Going on a vacation is a great time to enjoy a relaxing time with friends and family. Staying on track with healthy eating is easy when you plan ahead and choose wisely. Hope these tips help you stay healthy, fit and enjoy your holidays to the max!

May 8, 2018 By Trupti Hingad 15 Comments

5 best sherbet (sorbet) for this summer

What do you serve your guests when they visit you in summer? Undoubtedly Lime juice as it is one of the easiest and favourite of all. But, there are few interesting other Sherbets or also called as Sorbet to try out this summer and beat this scorching heat.

  1. BAEL SHERBET

bael-juice1

 

 

 

 

 

 

 

Ingredients

Bael fruit—1

Misri—20g

Water: 200ml

Roasted Cumin (jeera) powder—pinch

Ice—4 cubes and Mint leaves -5 pcs

Method: Cut the Bael fruit into two pieces. Take a mixing bowl, scoop the pulp and mash it well. Add roasted (cummin) jeera powder, Taal misri (crystallized sugar lumps) and water and stir well. Leave it in the refrigerator for 20min. Pour it into a glass and garnish the drink with a pinch of cumin (jeera) powder and mint leaves. Serve cold.

  1. JAAM SHERBET:       

white jamun 1

Ingredients

White Jamun or Love Apple or Water Apple-4 nos

Mint leaves-4

Water: 200ml

Himalayan salt to taste

Black pepper to taste

Ice-4cubes

Method: Grate the white jamun or love apples, add water, a pinch of salt, black pepper, crushed mint leaves and stir it well. Pour it into a glass, add ice cubes and serve cold.

3 JAMUN (Black Plum) THANDA:

black jamun juice

Ingredients

Fresh Jamun (Black Plum) pulp: 200g

Misri (small crystallised cubed sugar)—60g

Black pepper pods-15 nos

Black salt to taste

Water—400ml

Method: Blend the ingredients in a juicer. Garnish with chunks of Jamuns and add a few ice cubes. Serve cold.

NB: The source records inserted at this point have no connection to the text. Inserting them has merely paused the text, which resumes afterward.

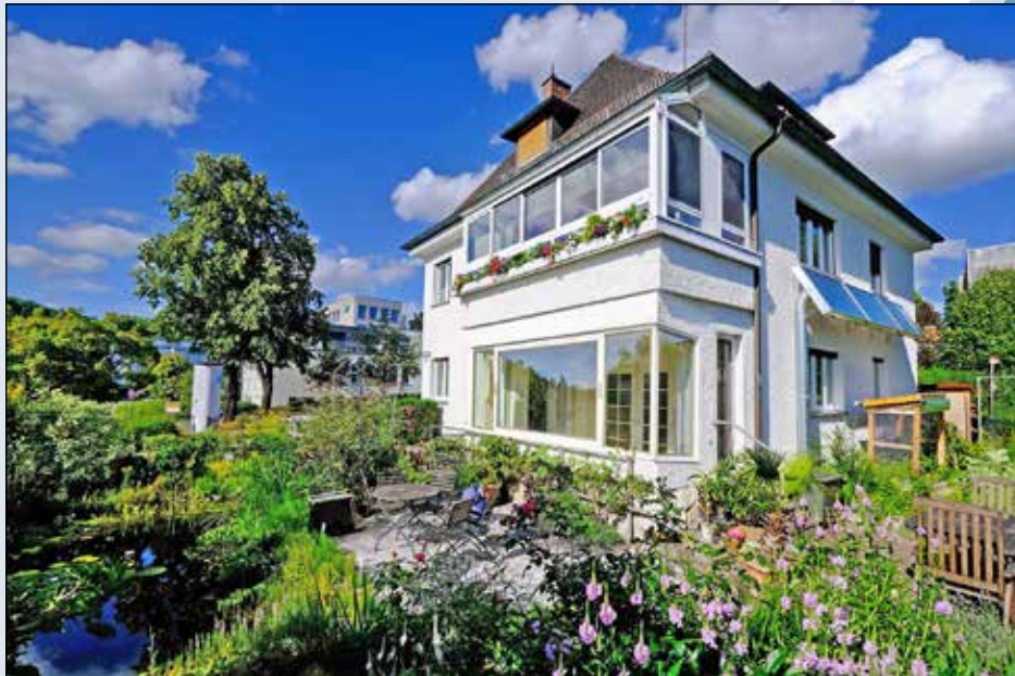
Eine Solarlüftung an der Südfassade sorgt jetzt für ein besseres Raumklima im Keller.

Kreis Ostholstein (DJD). Ältere Wohngebäude haben ihren eigenen Charme, weisen allerdings auch so manche Problemzonen auf. Oft gehört das Kellergeschoss dazu: Mangelnde Möglichkeiten der Belüftung sorgen dort dafür, dass die Raumluft stickig wirkt und sich Feuchtigkeit ansammeln kann. Da das regelmäßige Lüften über Fenster oft nicht ausreichend oder möglich ist, sind Alternativen gefragt, um für gesunde Verhältnisse zu sorgen und weitergehenden Problemen bis hin zur Schimmelbildung vorzubeugen. Eine solare Lüftung mit Energiegewinn wirkt dem klammen Raumklima entgegen und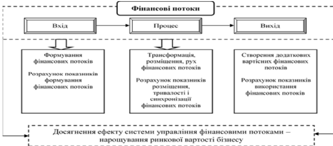
Рис. 2. Схема визначення рівня ефективності розміщення і використання фінансових потоків підприємства

управління економічною системою концентрує свій функціональний зміст в цілеспрямованій зміні стану системи, яка пов'язана із дією всього процесу – ефекті. Ефект від процесу управління фінансовими ресурсами, зокрема, в частині їх розміщення і використання, проявляється в здатності фінансових потоків генерувати додаткові вартісні потоки та нарощувати вартість самого підприємства (рис. 2).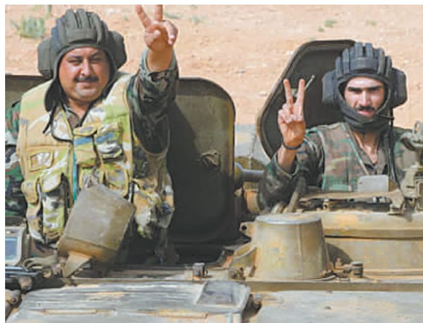
叙利亚政府军士兵做出胜利的手势。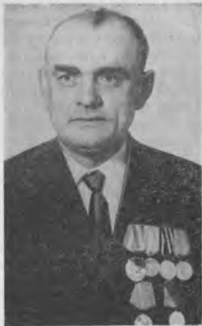
Сытенко В. Д. — Кичибатырны адъютанты.

— Иш кыйынды. Кеслери разылыкълары бла баргъанланы ал биргенге, — деди Леонов.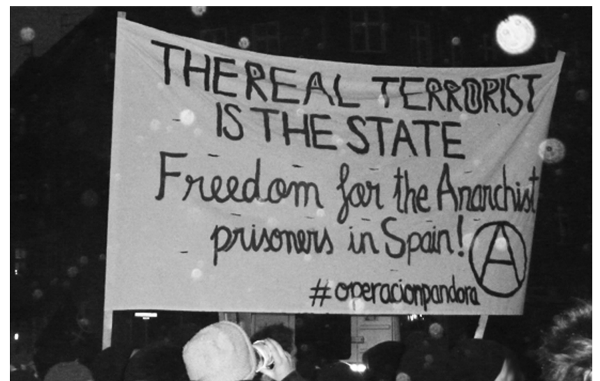
Acto de apoyo a los/as presos/as en Finlandia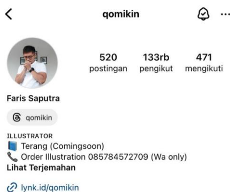
Gambar 1. Akun Instagram Qomikin

Faris juga berkecimpung dalam industri kreatif dengan membuat studio yang diberi nama @qomikin yang terpantau aktif membuat karya ilustrasi, karya ilustrasi nya juga sudah dijual belikan di marketplace desain grafis yang berlabel Creative Market . Pria yang berdarah Mojokerto, Jawa Timur tersebut juga mulai merambah ke dalam dunia menulis dan telah menciptakan karya tulis yang ia tuangkan ke dalam sebuah buku. Judul buku yang sudah terbit diantaranya Setelah Amnesia jadi manusia, Rindu Yang Menipu dan yang sedang dalam progres yaitu Tenang Yang Kau Cari Bukan Disini.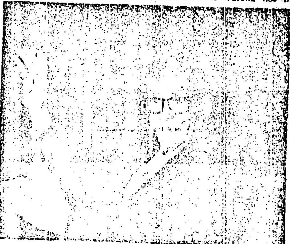
Tony Varona, intelectual y político cubano ampliamente conocido en el continente americano. Ayer dio trascendentes declaraciones para LA NACION a nuestro re-

4. TAMATAR TUSLI SHERBET/SORBET :

tomato and basic leaves

Fresh red tomatoes-4

Tusli (Basil Leaves)—10pieces

Green chilli-1

Jeer powder-a pinch

Sendha Namak (Himalayan Rock Salt) to taste

Water-200ml

Mint leaves—5

Method: Blend the ingredients. Strain and pour it in a glass. Add ice cubes and crushed mint leaves and serve cold.

5. GULAB BHARI LASSI:

Ingredients

Yoghurt—250g

Mint leaves-20g

Rose water-10ml

Misri-50g

Water: 50ml

Method:

Add all the ingredients to a mixing bowl and blend well until you get a creamy froth on top. Serve cold.

NOTE: You can use Jaggery instead of Misri ( Crystallised sugar) also as a sweetening agent.